The emergence of hourly wages during the Industrial Revolution transformed how people understood time, but it also became the basis for the eight-hour workday, overtime pay, and the idea of a fair wage—a connection between time and pay that workers could not only predict but negotiate. Algorithmic wage discrimination breaks that link between time and compensation. You don’t know how long you’ll have to work to earn a certain amount. It also undermines the principle of equal pay for equal work—the idea that you and I, with the same skills doing the same task for the same duration, should earn about the same. This isn’t just about driving wages down and increasing precarity—it’s an anti-union strategy. Differentiated pay is a way to divide workers”.
How do workers experience this precarity? Are they aware of their situation?
I studied a group called Rideshare Drivers United, an unofficial union with over 20,000 members. I’d often hear: “I just want to go back to the system where we got a percentage per ride,” and I used to wonder why they’d want to return to such minimal pay. Over time, I realized it was about certainty. Today, they receive a price and must decide whether to accept it—without knowing how that price is determined. Their feelings weren’t just frustration or anger—they often described the job as a gamble. A good day encourages you to keep playing. A bad one makes you want to play to make up for losses. It’s more than a metaphor—platform companies use the same psychological insights as online gambling firms. There’s uncertainty, excitement—just like gambling.
Let’s talk about rewards, incentives, and similar systems—these too seem deliberately unclear.
One new practice involves paying workers through a debit card linked to the app. Sometimes they’ll say, “Looks like you’re struggling. Need a loan? You can repay it from your wages.” But wages are algorithmically set, and while repaying the loan, the pay per delivery might drop—so it takes more trips to repay it. Or there’s an incentive to go to an area with fewer workers, only to discover there’s little work there too, so even with higher rates, you earn less overall. If you were an employee, you’d have a stable wage, and they’d simply say, “Go cover that neighborhood.” Then there are bonuses, used to retain workers since having a large pool available is crucial for efficiency. A bonus might say: “Do 50 deliveries and get an extra $100.” But as you approach 50, the number of orders slows down—so you stay online longer instead of quitting early after hitting the target.

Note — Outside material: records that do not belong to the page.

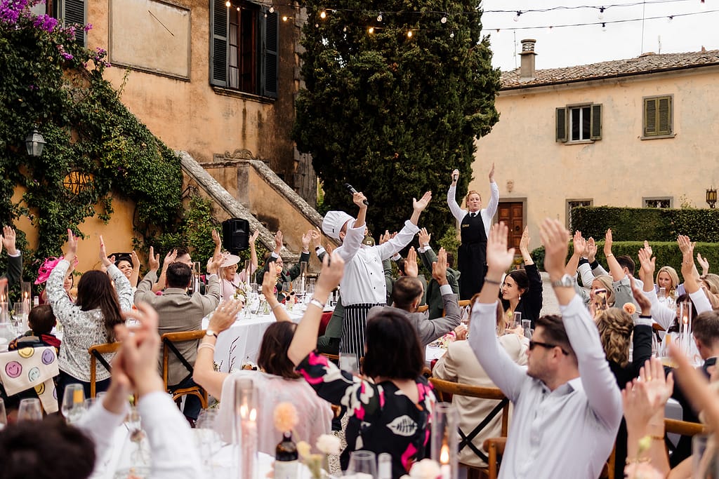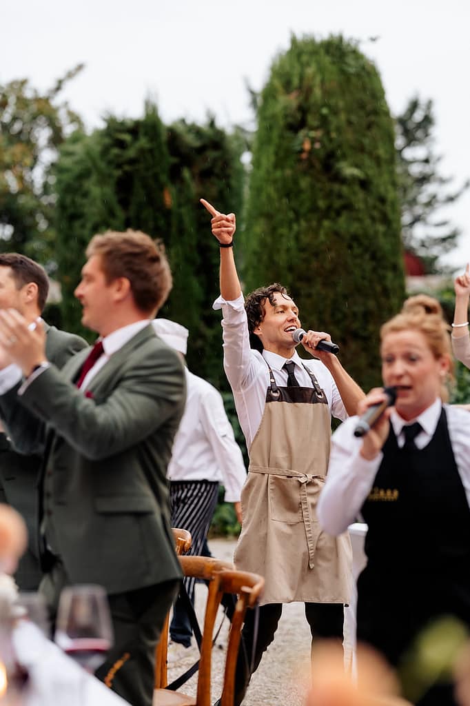 But rather than interrupt the moment, it made the evening unforgettable. Guests threw napkins over their heads, the surprise singing waiters broke into ABBA, and soon everyone was on their feet, drenched in laughter (and a little rain), singing into the night. It was the kind of scene you couldn’t stage if you tried – pure, cinematic joy.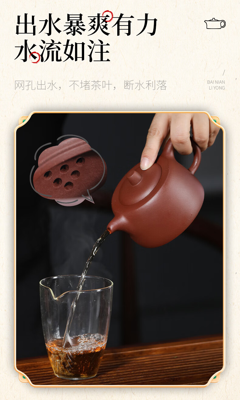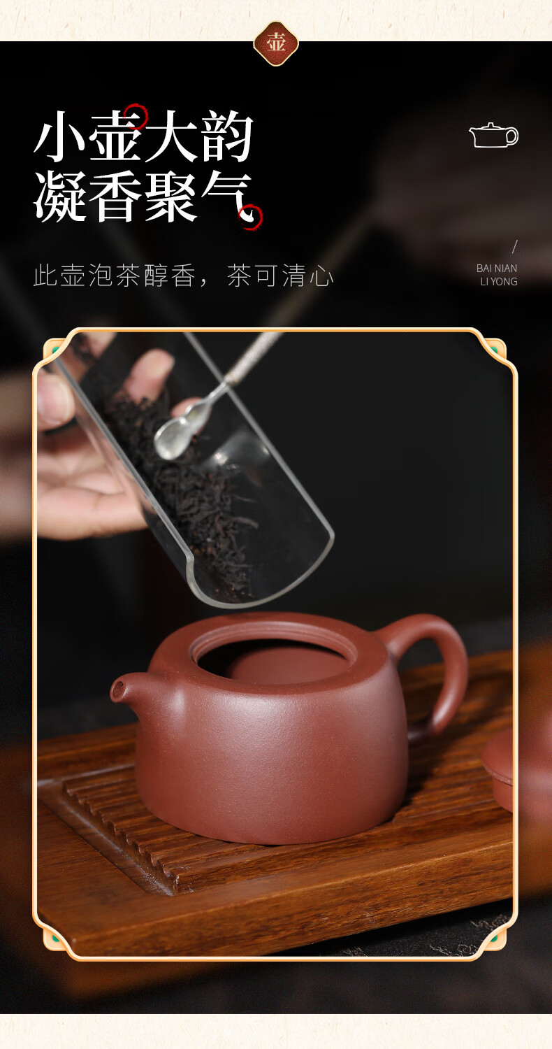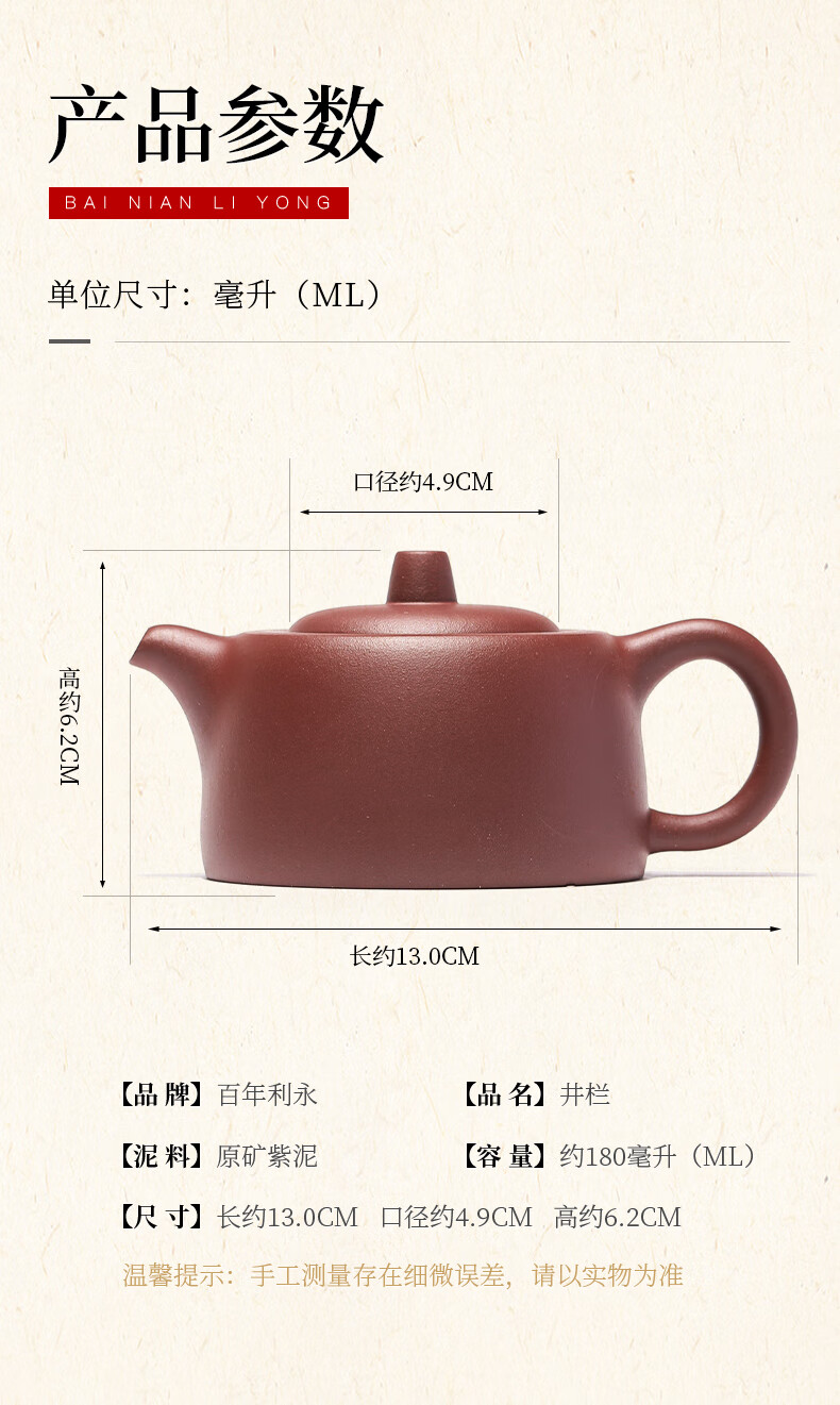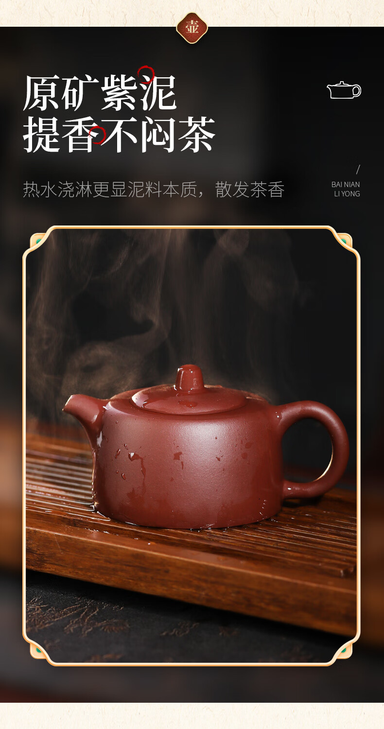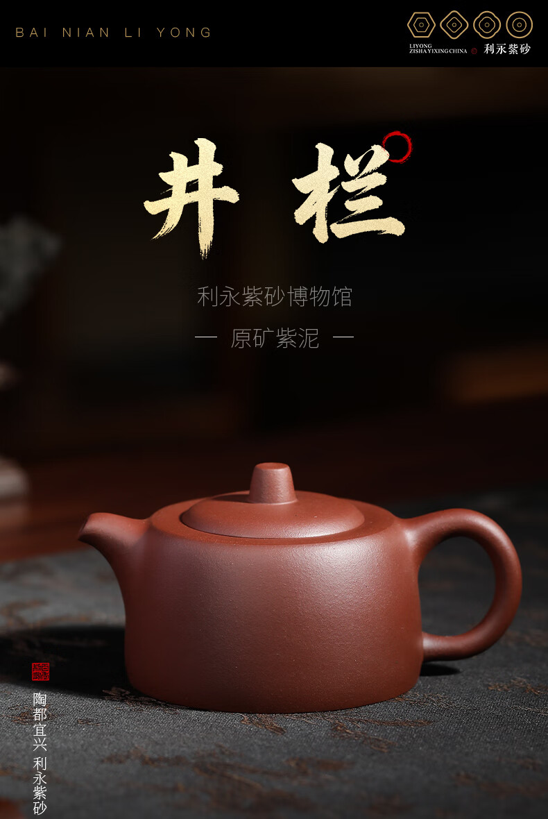 百年利永宜兴紫砂壶纯全手工原矿紫泥井栏壶功夫茶具泡茶壶家用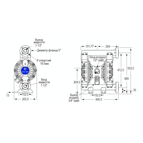 Всасывающий и напорный патрубки — 1 1/2" (40 мм), фланец ANSI. Подключение сжатого воздуха — 1/2" NPT. Насос способен работать в режиме самовсоса до 6,1 м.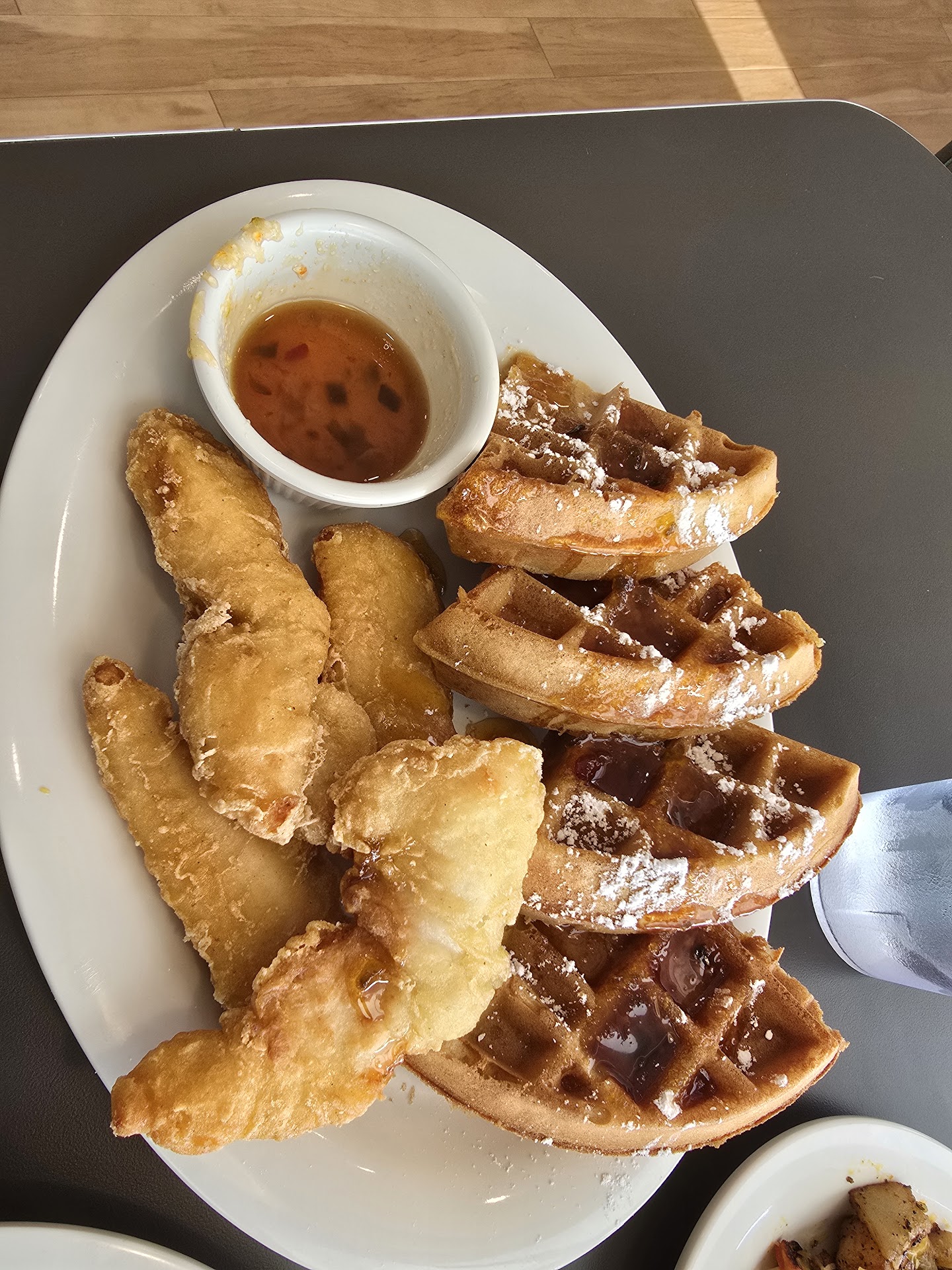 The place is really nice, upon entry your presented with a clean organized environment with an open airy dinning room , decor is modern and bright. Seating is comfortable and spacious. The service was a little strange, made me feel like a child for ordering chocolate milk. I ordered a good amount of food as I like to try a variety of things when at a new spot. The Chicken fried steak and eggs was not terrible, the eggs were cooked perfectly and the sausage gravy was delicious. The CFS itself is just a standard Ben E Keith or Sysco type CFS, it would be much better if homemade, the biscuit is a 10/10 delicious. The potatoes or home fries i believe they were called were good just dont add the jalapeños as they are outta a can not fresh so the taste from those kills the actual flavor of the spuds. Chicken and Waffles was similar, pre-made chicken tenders, and the waffles themselves were amazing, the spicy syrup is good as well, although IMO a little sour. I ordered the blueberry muffin but didn't get it so no review there. The cheesy grits were ok but needed a little more cheese as you couldn't quite taste it. All in all food was Hot, fresh, and out on the table in about 12 min. The Pineapple mimosa was decent but lacked Pineapple juice. The chocolate milk was standard Hershey syrup and wasn't very flavorful. All in all I will definitely give it another try. I would stick to fresh breakfast items though nothing breaded as they seem to be pre-made and lack flavor compared to the rest...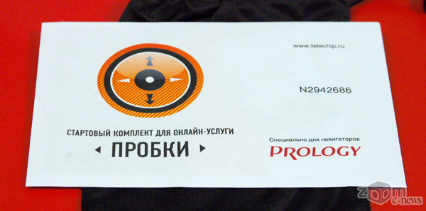 И отдельно надо сказать о довольно богатой комплектации навигатора. Помимо самого Prology iMap-542TG, там же мы найдем кабель USB-microUSB, автомобильный кронштейн на довольно мощной присоске, инструкцию и гарантийный талон,не говоря уже, конечно, о зарядке от прикуривателя. Все это довольно традиционные элементы комплектации большинства навигаторов, а нетрадиционными и приятными элементами назовем симпатичный матовый чехол черного цвета с логотипом компании и стартовый комплект с SIM-картой.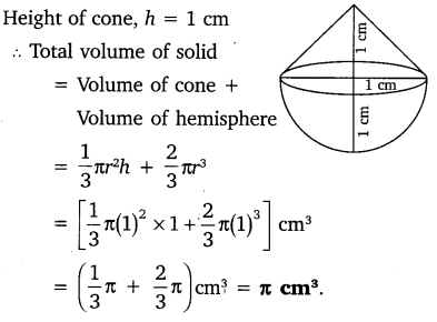 A solid is in the shape of a cone standing on a hemisphere with both their radii being equal to 1 cm and the height of the cone is equal to its radius. Find the volume of the solid in terms of π.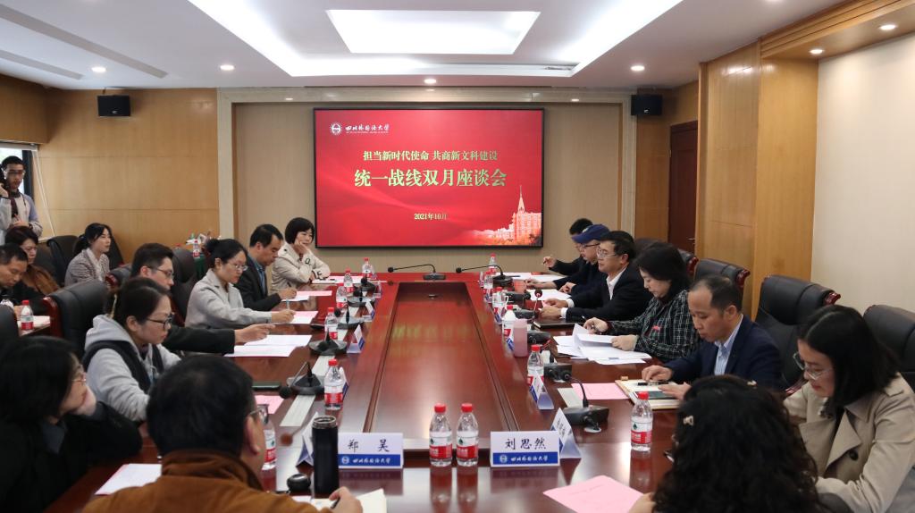 10月26日,学校召开2021年第三次统一战线“双月座谈会”,此次座谈会的主题是“担当新时代使命、共商新文科建设”。党委书记邹渝、党委副书记苟朝莉出席会议,学校各民主党派基层组织、统战团体负责人以及部分党外教师代表,党委统战部、人事处、教务处、科研处等职能部门参加会议。

Peter Thiel, one of Silicon Valley’s billionaires and a Trump supporter, once said technology was a way to change the world without consent or politics. And while tech has transformed our world, it hasn’t eliminated politics—it’s pushing it in an authoritarian direction. AI is being used to scan surveillance videos to identify protesters’ locations or undocumented workers—or to find out which foreign students have said or written the “wrong” things. In the workplace, technologies refined to hire, fire, evaluate, manipulate, and pay gig workers have now spread and been embedded in AI software systems purchased by employers across industries. These systems are already being used to hire, evaluate, and fire healthcare workers, logistics staff, IT professionals, and factory workers. It’s hard to imagine a more dystopian system.